Un livre qui m’a notamment marqué est « La mère » de Pearl Buck qui relate l’histoire d’une mère chinoise très émouvante. J’ai pensé, du Nord au Sud, de l’Est à l’Ouest, les femmes sont confrontées aux mêmes problèmes, aux mêmes difficultés, aux mêmes discriminations. Au fin fond de mon quartier, j’ai compris qu’il y avait une vision universelle de la cause des femmes.
Ton premier livre parle déjà des femmes
J’ai écrit mon premier roman à l’université « Une saison africaine » qui raconte l’histoire d’une femme malienne fiancée à un homme qui va poursuivre ses études en France et qui va tomber amoureux d’une française. À ce moment-là il apprend que son père a pris une épouse pour lui au village. C’est aussi ce regard croisé entre traditions et modernité mais aussi l’aspiration à la démocratie, la liberté. Ce roman montre aussi combien l’Afrique est portée par les pieds des femmes. Combien elles se battent pour se libérer du joug des traditions et comment ce sont elles également qui vont changer les choses. Grâce à l’alphabétisation, cette jeune femme va arriver à renverser la donne et à prendre son destin en main.
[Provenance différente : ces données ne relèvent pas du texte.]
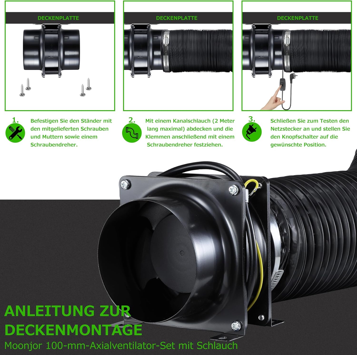 - PRAKTISCHES KIT: Das Set wird mit 1 x Axiallüfter, 1 x PVC-Schlauch (100mm x 2m) und zwei Schellen geliefert. Ideal für Anfänger in der Pflanzenzucht mit einem kleinen Growzelt.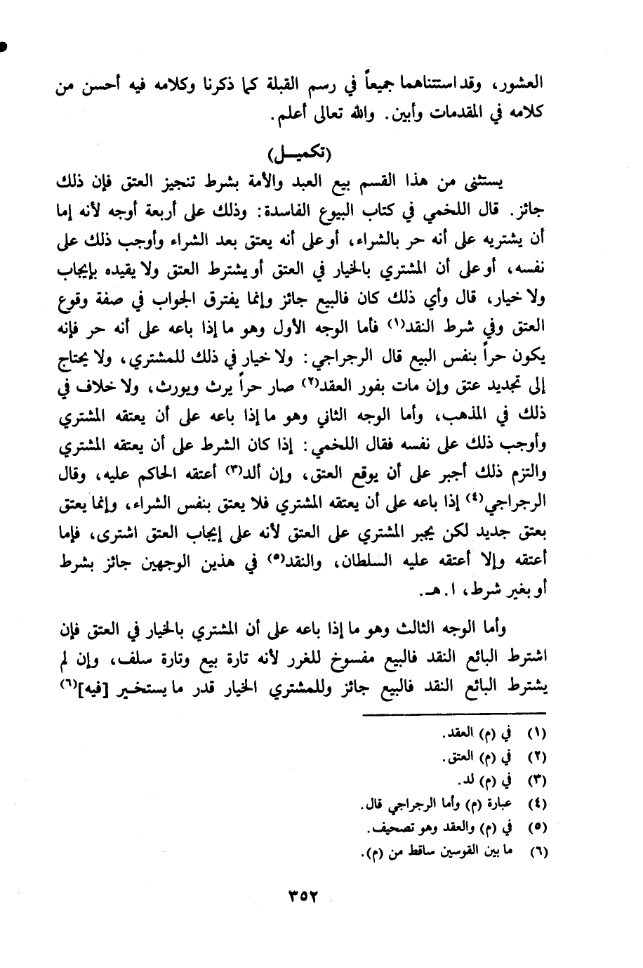 يستثنى من هذا القسم بيع العبد والأمة بشرط تنجيز العتق فإن ذلك جائز. قال اللخمي في كتاب البيوع الفاسدة: وذلك على أربعة أوجه لأنه إما أن يشتريه على انه حر بالشراء، أو على أنه يعتق بعد الشراء وأوجب ذلك على نفسه، أو على أن المشتري بالخيار في العتق أو يشترط العتق ولا يقيده بإيجاب ولا خيار. قال وأي ذلك كان فالبيع جائز وإنما يفترق الجوا في صفة وقوع العتق وفي شرط النقد (¬1) فأما الوجه الأول وهو ما إذا باعه على أنه حر فإنه يكون حراً بنفس البيع قال الرجراجي: ولا خيار في ذلك للمشتري، ولا يحتاج إلى تجديد عتق وإن مات بفور العقد (¬2) صار حراً يرث ويورث، ولا خلاف في ذلك في المذهب. وأما الوجه الثاني وهو ما إذا باعه على أن يعتقه المشتري وأوجب ذلك على نفسه فقال اللخمي: إذا كان الشرط على ان يعتقه المشتري وإلتزم ذلك أجبر على أن يوقع العتق، وإن ألد (¬3) أعتقه الحاكم عليه، وقال الرجراجي (¬4) إذا باعه على أن يعتقه المشتري فلا يعتق بنفس الشراء، وإنما يعتق بعتق جديد لكن يجبر المشتري على العتق لأنه على إيجاب العتق اشترى، فإما أعتقه وإلا أعتقه عليه السلطان، والنقد (¬5) في هذين الوجهين جائز بشرط أو بغير شرط. أ. هـ.

Ce roman est finalement sorti au moment où j’ai rencontré « Ni Pute Ni Soumise » et les combats se mêlaient : la polygamie, les mariages forcés, l’excision, la répudiation, bref toute la condition des femmes. J’ai toujours porté la question des femmes, à travers les colloques, les conférences etc. Tout ce que j’ai fait est à travers le prisme des femmes. Pour moi le féminisme est un humanisme. Cela veut dire qu’on ne peut pas accepter qu’une partie de l’humanité soit oppressée, opprimée… chacun a le droit de s’autodéterminer. Mon combat est celui des droits humains, pour la dignité, l’égalité et le respect.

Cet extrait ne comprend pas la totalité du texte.